§ **Problem to work on**
Copy without pictures. Please restate each line of the listing exactly.

§ **Data shown**
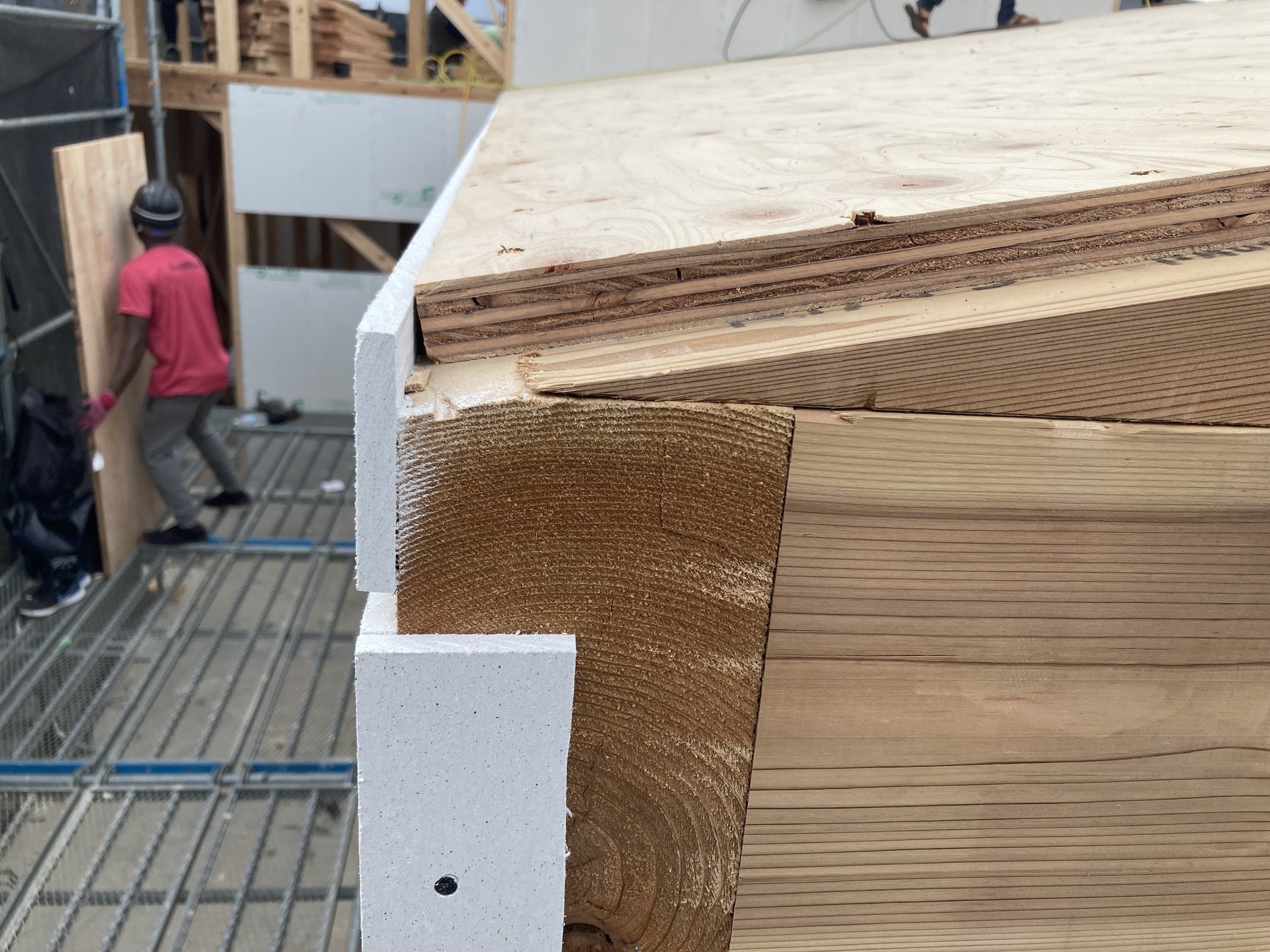せっかくの勾配天井に火打が出ない様に通常の野地板ではなく、24mmの厚さがある合板を使用しました。
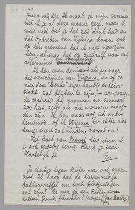 Ik ben even benieuwd als jij naar het verschijnen van Virginia, en of ze niet door ‘Doeke’ eigenhandig onteierstokt zal blijken te zijn, - aangezien de castratie bij vrouwen nu eenmaal zoo heet, zelfs als die vrouwen maagden zijn.
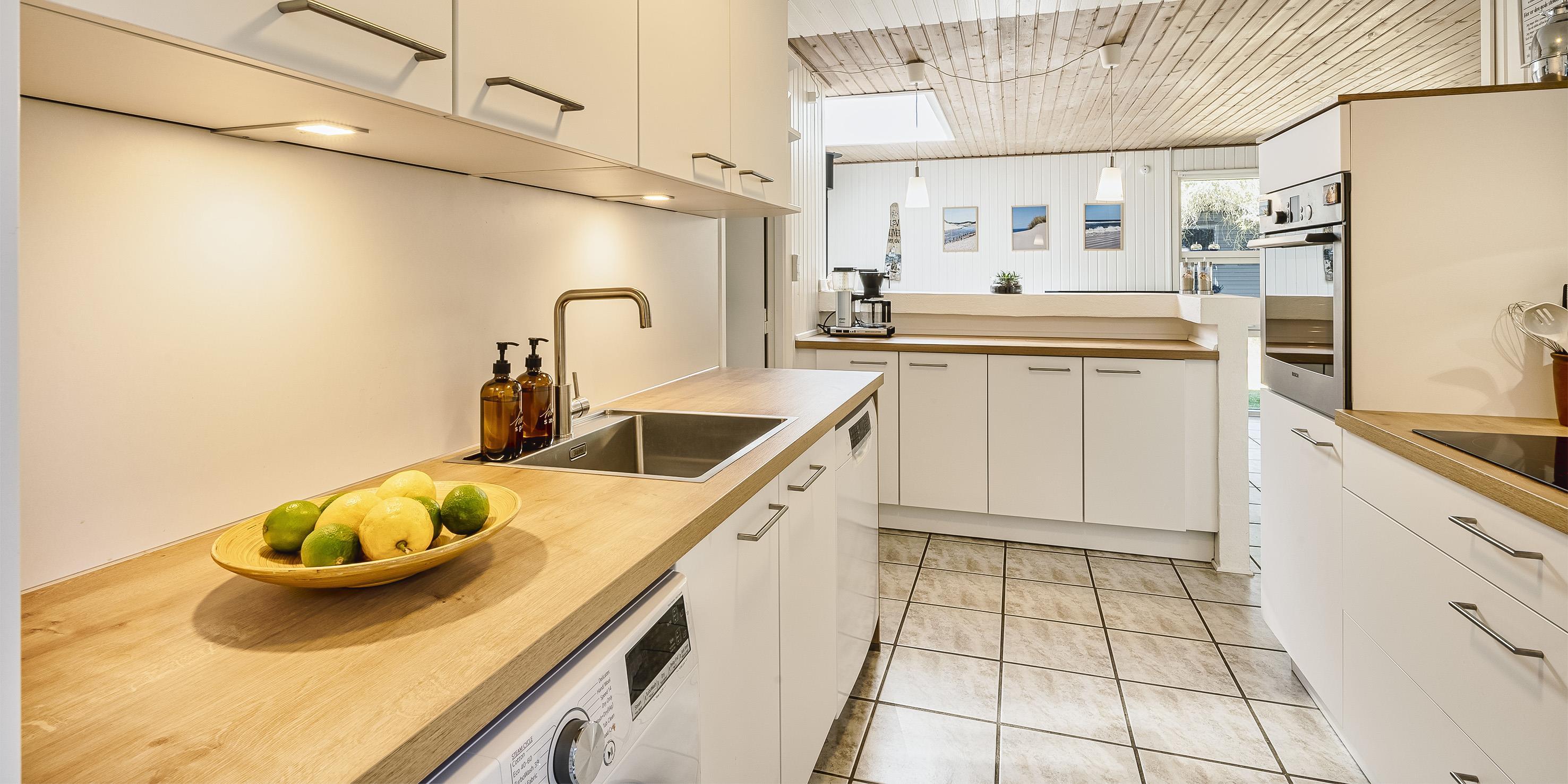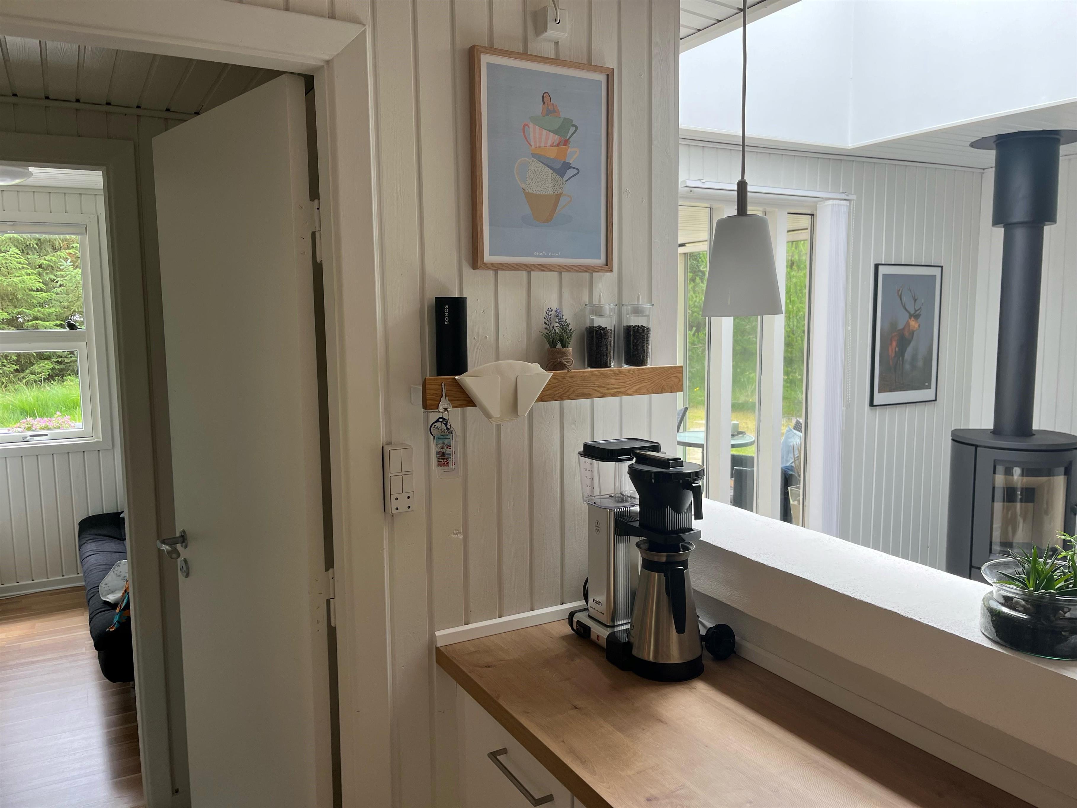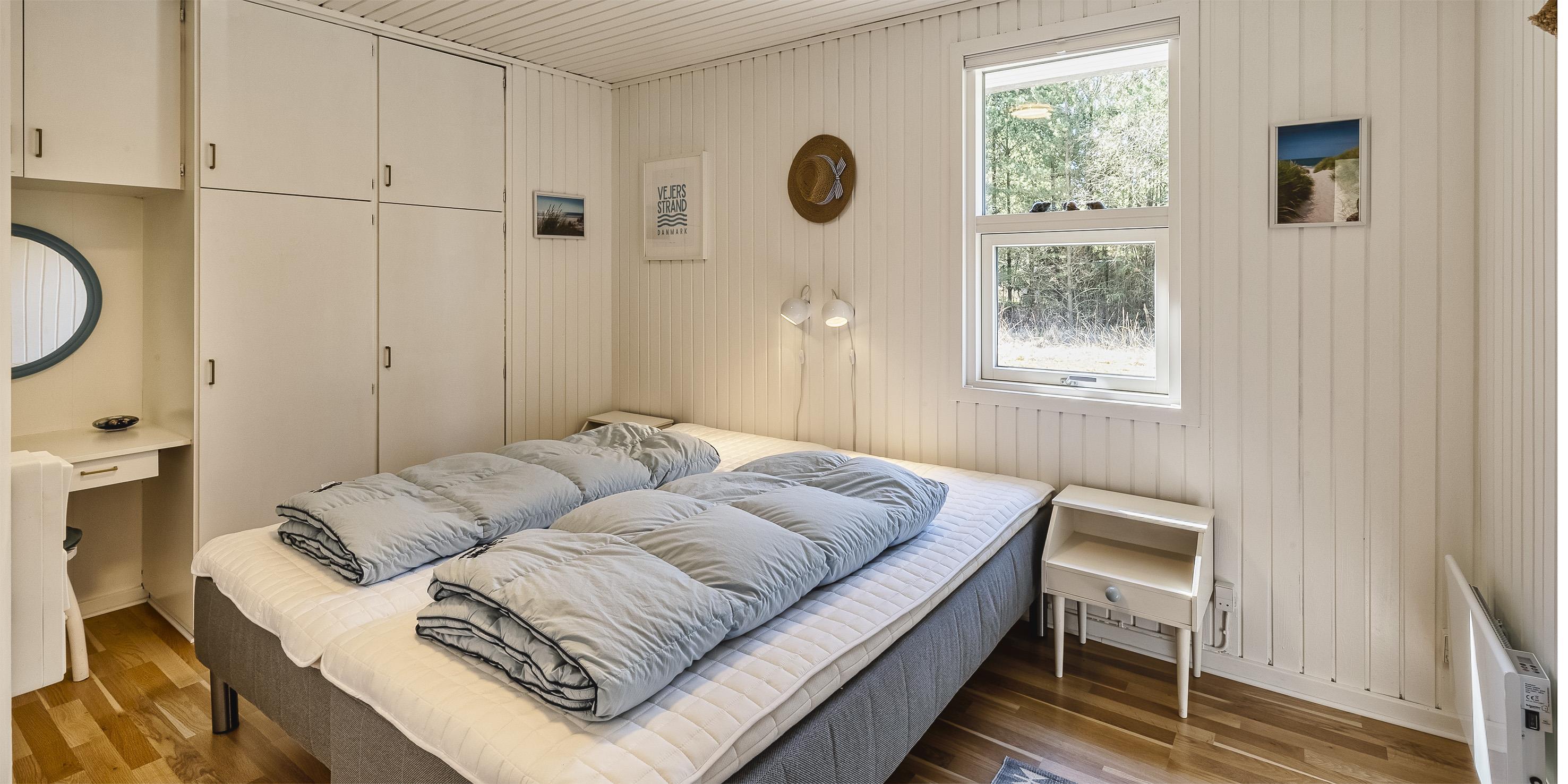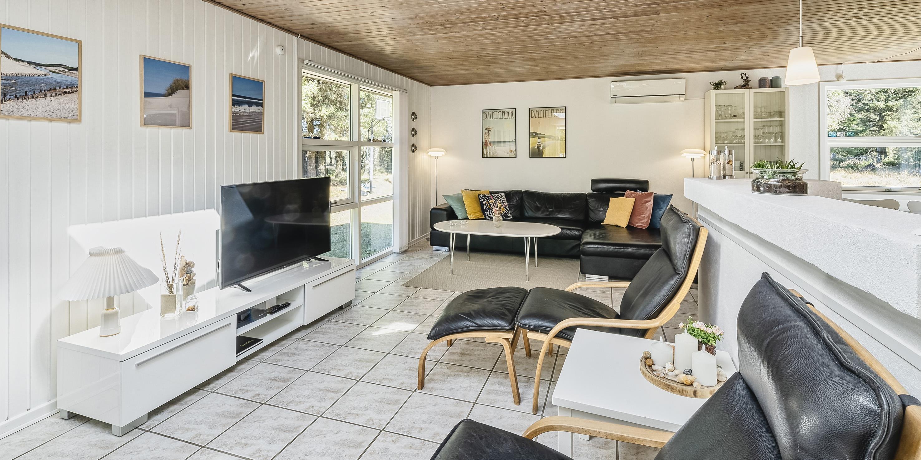 Schönes und gemütliches Ferienhaus mit Namen "Kibbik" auf einem nicht einsehbaren Grundstück gelegen. Das Ferienhaus ist für 6 Personen ausgestattet. Der Strand ist ca. 2 Km vom Haus entfernt. Der Wohnbereich ist mit dem Essbereich und der Küche offen gehalten. Dieser komplette Bereich ist gefliest. Der Eingangsbereich hat ein Oberlicht und ist daher sehr hell und freundlich. Desweiteren ist der Eingangsbereich von außen überdacht. Der im Wohnbereich aufgestellte Kamin spendet eine wohlige Wärme. Es befindet sich eine Warmepumpe im Ferienhaus. Mit dieser Warmepumpe haben sie die Möglichkeit die Stromkosten zu senken, denn die Warmepumpe ist energiesparend. Das deutsche Fernsehprogramm empfangen Sie über eine Parabolantenne sowie Stofa. Der offene moderne und neue Küchenbereich verfügt über einen Herd mit Cerankochfeld, einem Backofen in Arbeitshöhe, einer Geschirrspülmaschine, einer Mikrowelle und einer Kühl- und Gefrierkombination. Ausgang zum terrasse von den Küchenbereich. Das schöne neue Badezimmer ist mit einem WC, einem Handwaschbecken, einer Dusche und einer Sauna ausgestattet. Im Ferienhaus befindet sich eine kombinierte Waschmaschine/Trockner, die von den Gästen genutzt werden darf. Den Gästen stehen drei Schlafzimmer zur Verfügung: DB + DB + 2B. Ein Schlafzimmer hat ein Doppelbett, ein Schlafzimmer zwei Einzelbetten und das Dritte hat ein Ausziehbett. Das Ferienhaus verfügt über einen Internetanschluss (W-Lan 1000/1000 Mbit). Eine flotte Holzterrasse steht Ihnen am Ferienhaus auch zur Verfügung. Das Ferienhaus verfügt über ein Gas Grill, das Sie benutzen dürfen. Der Grill muss nach Gebrauch wieder gereinigt zurück gestellt werden. Auf dem Grundstück steht ein Schelter bereit. Das Rauchen im Ferienhaus ist nicht erlaubt sowie Katzen auch nicht. Es sind max. 1 Haustier erlaubt. Gratis Eintritt Golf in Ho in 2026. Das Ferienhaus ist 1972 erbaut worden. 2022 teilweise renoviert.

§ **Answer**
せっかくの勾配天井に火打が出ない様に通常の野地板ではなく、24mmの厚さがある合板を使用しました。
 Ik ben even benieuwd als jij naar het verschijnen van Virginia, en of ze niet door ‘Doeke’ eigenhandig onteierstokt zal blijken te zijn, - aangezien de castratie bij vrouwen nu eenmaal zoo heet, zelfs als die vrouwen maagden zijn.
 Schönes und gemütliches Ferienhaus mit Namen "Kibbik" auf einem nicht einsehbaren Grundstück gelegen. Das Ferienhaus ist für 6 Personen ausgestattet. Der Strand ist ca. 2 Km vom Haus entfernt. Der Wohnbereich ist mit dem Essbereich und der Küche offen gehalten. Dieser komplette Bereich ist gefliest. Der Eingangsbereich hat ein Oberlicht und ist daher sehr hell und freundlich. Desweiteren ist der Eingangsbereich von außen überdacht. Der im Wohnbereich aufgestellte Kamin spendet eine wohlige Wärme. Es befindet sich eine Warmepumpe im Ferienhaus. Mit dieser Warmepumpe haben sie die Möglichkeit die Stromkosten zu senken, denn die Warmepumpe ist energiesparend. Das deutsche Fernsehprogramm empfangen Sie über eine Parabolantenne sowie Stofa. Der offene moderne und neue Küchenbereich verfügt über einen Herd mit Cerankochfeld, einem Backofen in Arbeitshöhe, einer Geschirrspülmaschine, einer Mikrowelle und einer Kühl- und Gefrierkombination. Ausgang zum terrasse von den Küchenbereich. Das schöne neue Badezimmer ist mit einem WC, einem Handwaschbecken, einer Dusche und einer Sauna ausgestattet. Im Ferienhaus befindet sich eine kombinierte Waschmaschine/Trockner, die von den Gästen genutzt werden darf. Den Gästen stehen drei Schlafzimmer zur Verfügung: DB + DB + 2B. Ein Schlafzimmer hat ein Doppelbett, ein Schlafzimmer zwei Einzelbetten und das Dritte hat ein Ausziehbett. Das Ferienhaus verfügt über einen Internetanschluss (W-Lan 1000/1000 Mbit). Eine flotte Holzterrasse steht Ihnen am Ferienhaus auch zur Verfügung. Das Ferienhaus verfügt über ein Gas Grill, das Sie benutzen dürfen. Der Grill muss nach Gebrauch wieder gereinigt zurück gestellt werden. Auf dem Grundstück steht ein Schelter bereit. Das Rauchen im Ferienhaus ist nicht erlaubt sowie Katzen auch nicht. Es sind max. 1 Haustier erlaubt. Gratis Eintritt Golf in Ho in 2026. Das Ferienhaus ist 1972 erbaut worden. 2022 teilweise renoviert.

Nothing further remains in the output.